Jianxin Shi (National Cancer Institute, NCI) and colleagues performed an integrative genomic analysis for lung adenocarcinoma (LUAD) patients in the NCI EAGLE (Environment And Genetics in Lung Cancer Etiology) study. This study identified several driver genes in LUAD including two novel ones. Interestingly, though, 25 percent of the patients surveyed did not have mutations in existing driver genes, suggesting that novel mechanisms were behind many of these cancers. The study also showed that the number of somatic mutations and certain other mutation types was associated with increased risk of distant metastasis.
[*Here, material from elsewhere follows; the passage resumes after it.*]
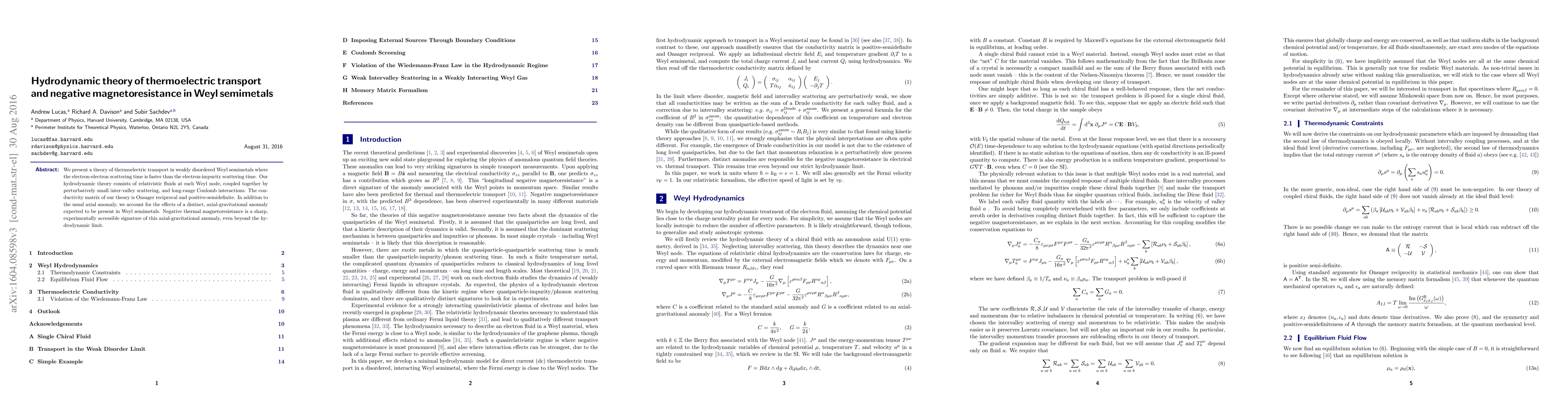 We present a theory of thermoelectric transport in weakly disordered Weyl semimetals where the electron-electron scattering time is faster than the electron-impurity scattering time. Our hydrodynamic theory consists of relativistic fluids at each Weyl node, coupled together by perturbatively small inter-valley scattering, and long-range Coulomb interactions. The conductivity matrix of our theory is Onsager reciprocal and positive-semidefinite. In addition to the usual axial anomaly, we account for the effects of a distinct, axial-gravitational anomaly expected to be present in Weyl semimetals. Negative thermal magnetoresistance is a sharp, experimentally accessible signature of this axial-gravitational anomaly, even beyond the hydrodynamic limit.

Can big data help us determine the optimal dose, timing, or drug combination for treating cancer patients? To answer this question, Orit Lavi (NCI) is exploring how redundancy causes problems in chemotherapy. Redundant elements are those that act in the same biologic or dynamic manner and can compensate for each other if necessary. For example, targeting an oncogene by inhibiting one of its transcriptional activators is useless if there are other activators that can take over. She argues that the integrated computational approaches of mathematical modeling and statistical analysis of information—on tumor heterogeneity, drug resistance, and redundant functions—may enable us to determine the optimal course of treatment.
FARE Award winner Jessica Petrick (NCI) studies the relationship between weight changes during a person’s lifetime and two types of cancer that have been increasing: esophageal and gastric cardia adenocarcinoma. Using data from two large cancer cohort studies, Petrick found that individuals who were overweight as young adults and obese later in life were at the highest risk for these cancers. Future work may look into whether weight gain between childhood and young adulthood has any effect on cancer risk.
The “Making Sense of Greek Letters and Too Many Numbers in the Age of Big Data” session was chaired by Stephen Chanock (NCI).